By Terry Dean
Sitting behind OPRF's Newscene anchor desk for the first time, all Michael Stevens could do, beyond sweating profusely, was mimic the style his favorite TV anchors, Matt Lauer and Katie Couric of Today Show fame.
It apparently worked, impressing his teacher John Condne, who gave the eager sophomore a quick impromptu audition.
Stevens fondly remembers that experience nearly a decade later. He's much more comfortable in front of the camera now as an anchor and reporter for NBC's Madison, Wisconsin affiliate station.
A 2007 Oak Park and River Forest High School grad, Stevens started at NBC-15 Madison in 2011. His last name is actually Wojtowicz, but he adapted his middle name, Steven, for use on-air. Stevens is a morning and weekend anchor, as well as a reporter. As a kid growing up in Oak Park, television news, locally and nationally, always interested him, he says.
"The Today Show was always on. It was Katie and Matt every morning," said Stevens, 25, by phone from his NBC-15 newsroom.
He attended Whittier Elementary School and Emerson Jr. High, now Brooks Middle School, before going to OPRF. Despite Stevens' interest in news, becoming a journalist was not "first on my mind," he says. His study hall, however, was a few doors down from the Newscene broadcast classroom, which he walked past daily.
"That's when the curiosity started, looking in and seeing the cameras and lights. That's what kind of started the draw."
Stevens started asking senior class leaders about who taught the class and how to sign up. He ended up taking radio but one day asked Condne about joining Newscene, OPRF's TV class, which produces the weekly, short-segment news program of the same name.
Impressed with his curiosity and enthusiasm, Condne gave him a shot, even though the class was for upperclassmen.
"It was in the last minutes of class and everyone started gathering around, kind of like 'OK, let's see what he can do,'" Stevens recalled. "He threw on the lights and said, 'OK, go ahead and sit behind the desk.' He turned on the camera and I just started reading. I was sweating and so nervous. I had no idea what I was doing. All I could do is remember what I saw Matt and Katie do on The Today Show that week. I was just reading but I couldn't really see [the teleprompter] because of the lights. It was only two or three minutes but it seemed like forever.
"But when it was over, the lights came on and everyone clapped," Stevens said. "I don't think they did it just to be nice. I think it was an acknowledgment that I did a good job."

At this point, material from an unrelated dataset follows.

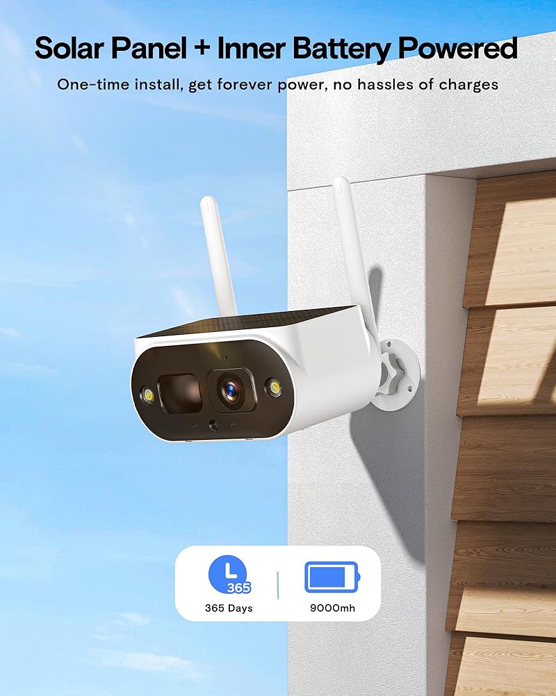 100% Wire-Free & Forever Power: Our solar security cameras wireless outdoor come with an Integrated 1.5 W solar panel, 3 hours of direct sunlight every day keeps the wireless outdoor camera running, and the built-in 9000 m.Ah rechargeable battery keeps the camera working when the sunset or on rainy/cloudy days, once install and works forever

Condne recalled, "Michael was easily one of the best anchors I have ever had. When I put him on the spot to try him out, he knocked it out if the park. There are very few students who are naturals in front of the camera. Michael Stevens is one if them."
While studying journalism at DePaul University, Stevens pursued radio, interning at KISS FM in Milwaukee, working an overnight shift as an on-air host. But Stevens says he knew radio wasn't for him — television was it.
After graduating from DePaul in June 2011 with a bachelor's degree in journalism, Stevens was hired at NBC-15 that November. He started as a producer before going on-air. But being in front of the camera was not his main draw, he says; it was interacting with everyday people.
"It's not as glamorous as some think, but there are definitely payoffs. Meeting people, getting them to trust you and telling their stories — that's where my passion is," Stevens said.
Stevens' parents still live in Oak Park and his older brother is a DJ with Chicago's B96 radio. While he currently calls Madison home, his ties to Oak Park remain. He returns home a lot and, in fact, is here visiting this week.
His advice to aspiring journalists, including some of those who'll be sweating it out at Newscene when school resumes this fall: "Be innovative and creative and dream big and go with your curiosity or your gut. I didn't know what was in that class, but I knew I was interested in it, and it turned into my passion."